Home > Other > The Thief of Kalimar; Captain Sinbad; Cinnabar > Page 100
The Thief of Kalimar; Captain Sinbad; Cinnabar Page 100

by Graham Diamond


  “I have asked many questions, Tamerlane, but I still must ask more.”

  The fish man nodded sombrely.

  “What are the intentions of Hellix?”

  Tamerlane peered up at the thick, mountainous walls of this hidden cavern, envisioning the world beyond, the rich and watery world of the sea — his sea — teeming with ten-thousand species of life.

  “Intend?” he muttered. The gill-slits on the sides of his neck pulsed as if some inside nerve were throbbing. “To survive. To continue our development. Yes, and to shed the last vestiges of humanness. Does that shock you, surface man? That we no longer wish to be human? That we strive to become an integral part of what fate has ordained for us?” He looked at Aladdin, now, with fierce pride shimmering in his strange eyes. “We are of the sea — sea men. Even as the air is your own giver of life, so is the water world to us. We hail and revere her as a mother, for, indeed, the sea is our mother.”

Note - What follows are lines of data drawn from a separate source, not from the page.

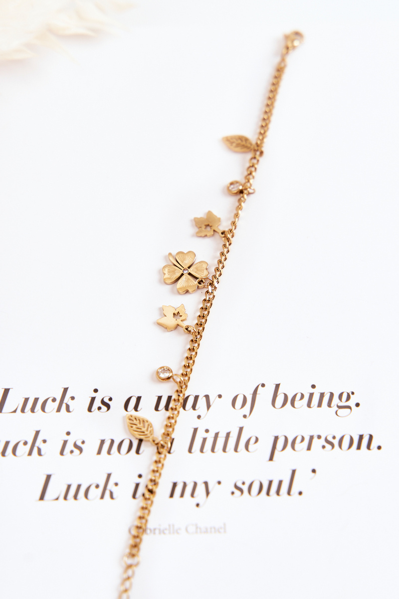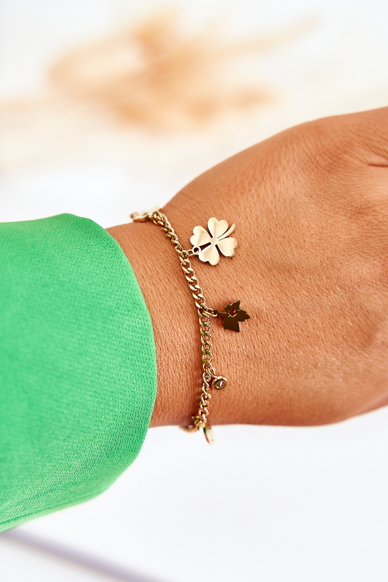 Biżuteria jest świetnym uzupełnieniem nie tylko tych elegancki, ale i codziennych stylizacji. Delikatne łańcuszki, bransoletki, broszki - idealnie podkreślą Twój styl. Koniecznie sprawdź naszą ofertę akcesoriów. Bransoletka ta została wykonana ze stali nierdzewnej. Posiada zawieszki w postaci liści, cyrkonii oraz koniczyny. Możliwość regulacji długości.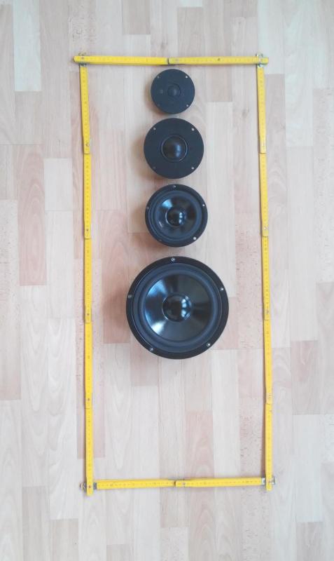 Habs Grad mal im Rechner optisch probiert, sieht auch mit meinen Chassisgrössen gut aus, übernehme ich so. Somit steht auch mehr als genug Volumen für beide Chassis zur Verfügung. Eventuell könnte man das Mitteltongehäuse etwas tiefer, oder Keilmässig ausführen, zwecks von vornherein Bekämpfung stehender Wellen?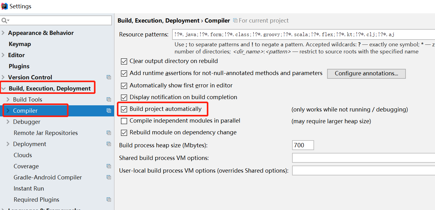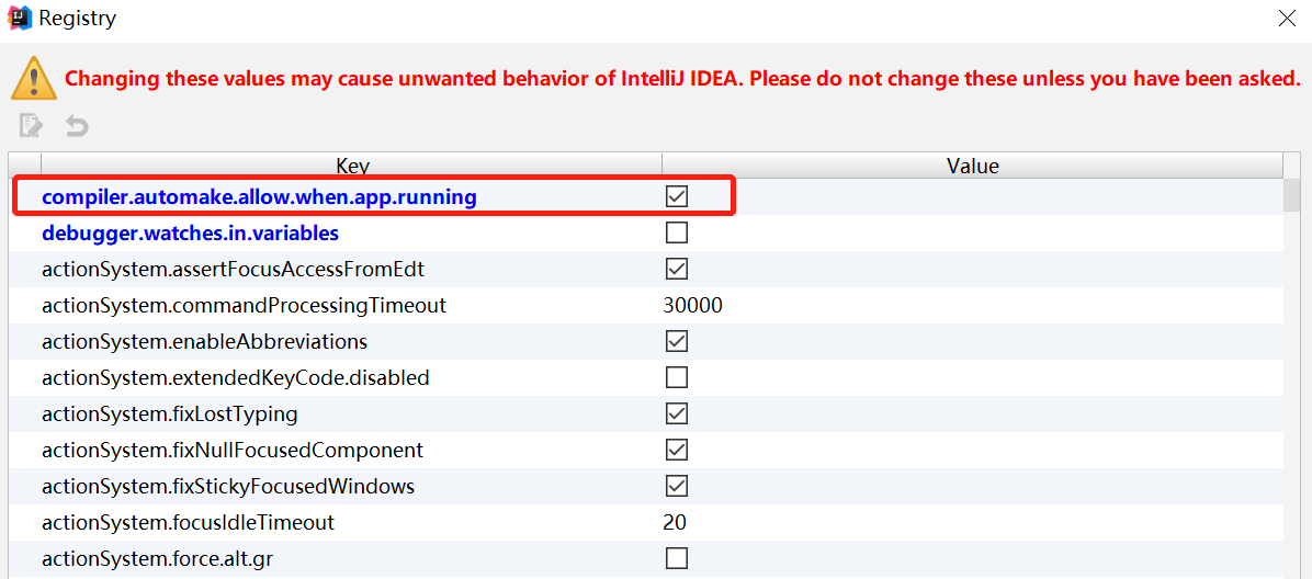 勾选运行时自动编译(compiler.automak.allow.when.app.running)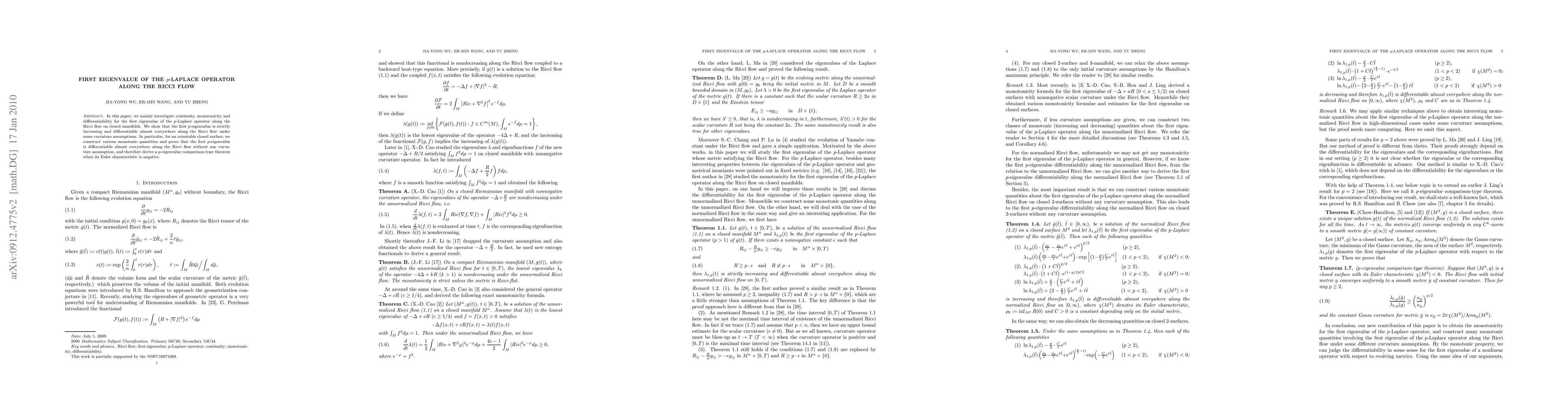 This paper investigates the first eigenvalue of the $p$-Laplace operator along the Ricci flow, proving its strict increase and differentiability almost everywhere under curvature conditions. For orientable closed surfaces, it demonstrates differentiability without curvature assumptions and establishes a comparison theorem for negative Euler characteristic.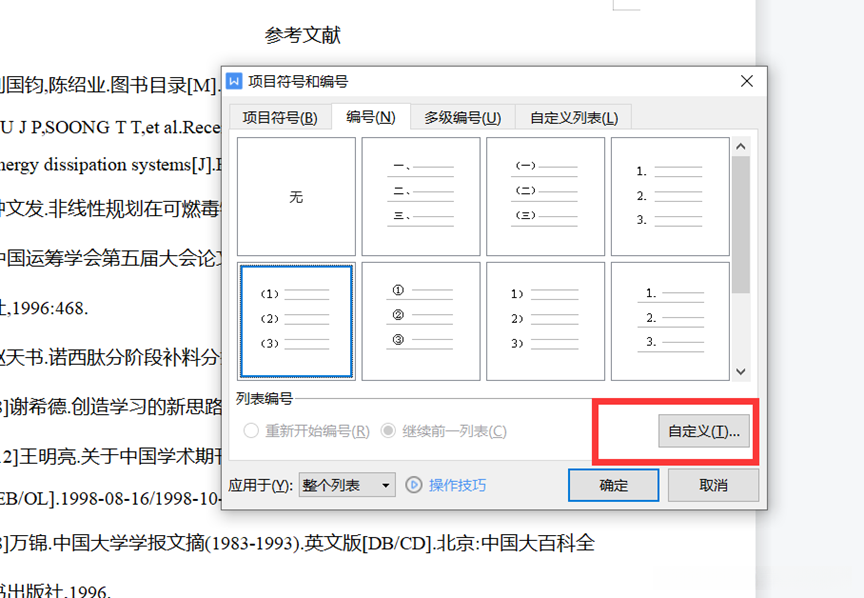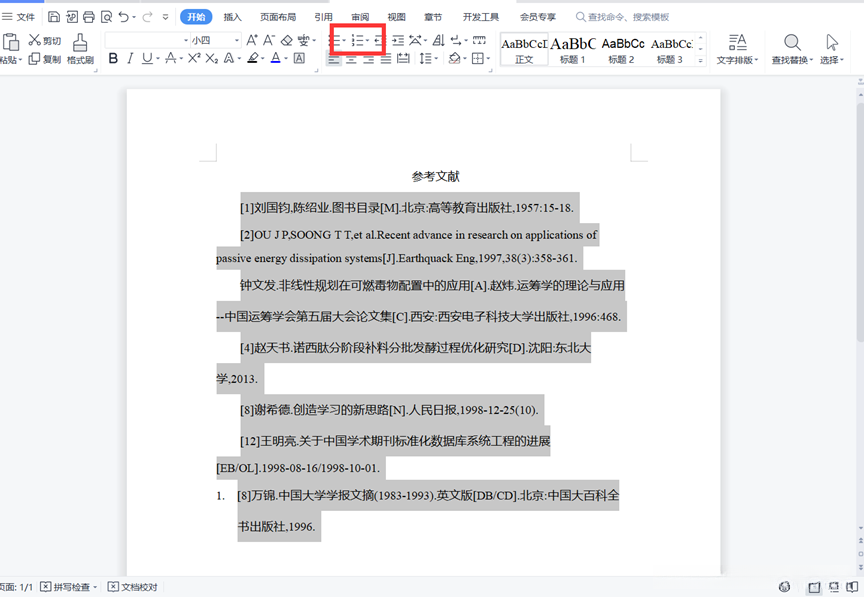 在添加参考文献的编号的时候要用自动添加的方式,不要手动添加了,这里选中自己列出的参考文献
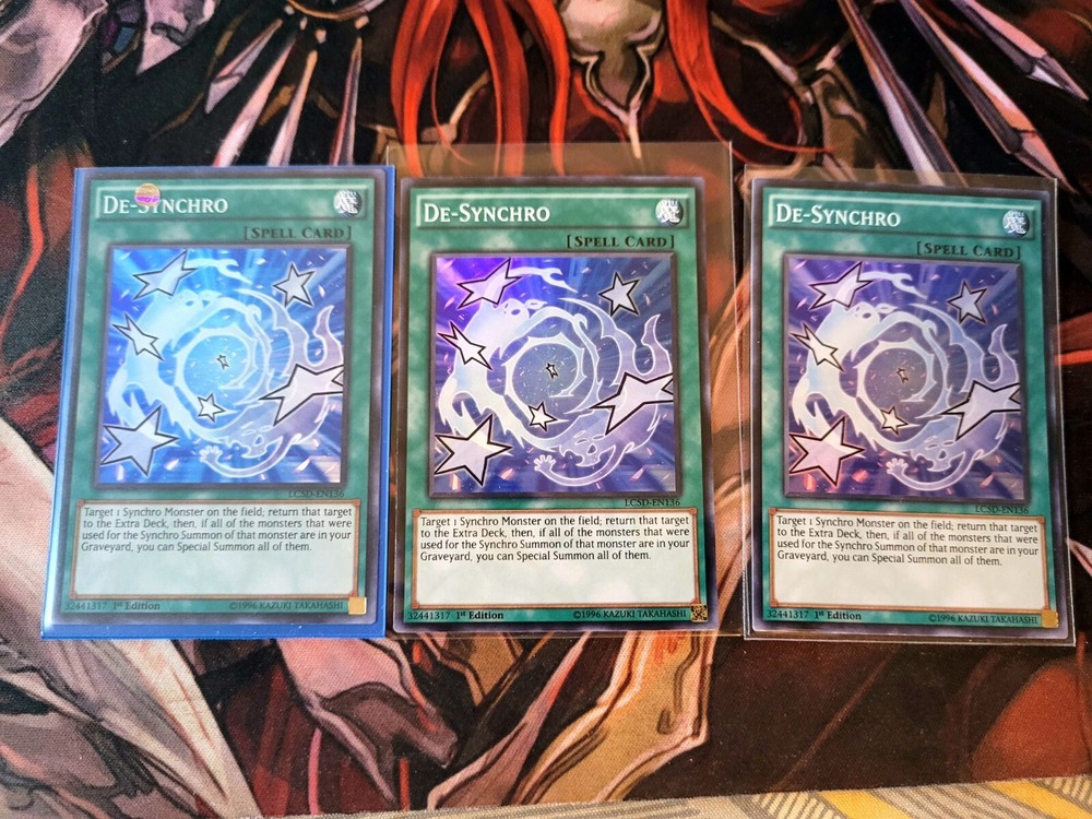 YUGIOH TCG 3X DE SYNCHRO LC5D-EN136 SUPER 1ST EDITION NEAR MINT YOU GET WHATS SHOWN IN THE PICTURE AND DESCRIPTION ALL CARDS ARE SHIP WITH PROECTIONS. ALL CARDS THAT IS BELOW 20$ WELL BE SHIP IN PWE WITH EBAY TRACKING. 24$-21$ CARDS WELL BE WITH STAMPS. CARDS ABOVE 25$ WELL BE SHIP IN BUBBLE MAIL WITH FIRST CLASS SHIPPING TRACKING. IF YOUR ORDERS ADDS UP TO 25$ OR ABOVE IT WOULD BE ALSO IN A BUBBLE MAILER. PUERTO RICO WELL BE SENT BY STAMPS ONLY. MOST OF MY CARDS ARE PULL OUT OF BOOSTER AND PUT INTO SLEEVES. THANK YOU FOR BUYING.

  “So does Cinnabar love the sea,” Aladdin quickly pointed out.

  Tamerlane shook his large head. “They have spurned the offerings of the water world. It is too late for Cinnabar. At one time, they, too, might have accepted its ways, adapted to its offerings. They heeded not. Now the price for that arrogance shall be paid.”

  The threat was real, Aladdin knew. Tamerlane meant every word. These were not merely words spoken by an idyllic old man who had seen much during his long years. He was convinced with fanatic zeal that his enemy must perish for its deeds, real or imagined. One way or another the end was at hand.

  “On the surface, we say it is never too late to find a peaceful solution to a grievance.”

  “This is not the surface,” his host replied gruffly.

  “True. But you yourself just said that at one time Cinnabar might have learned to accept the water world in the way you do...”

  “That was very, very long ago, surface man. From the earliest moment on, from the day of the cataclysm itself, they should have foreseen the inevitable.”

  “Shara, my pilot, told me that before the eruption, while both your peoples lived on the surface, you were cousins, tribes rooted in the same tree.”

  “That is so; we were.”

  “Then why? Why didn’t you join forces from the beginning?”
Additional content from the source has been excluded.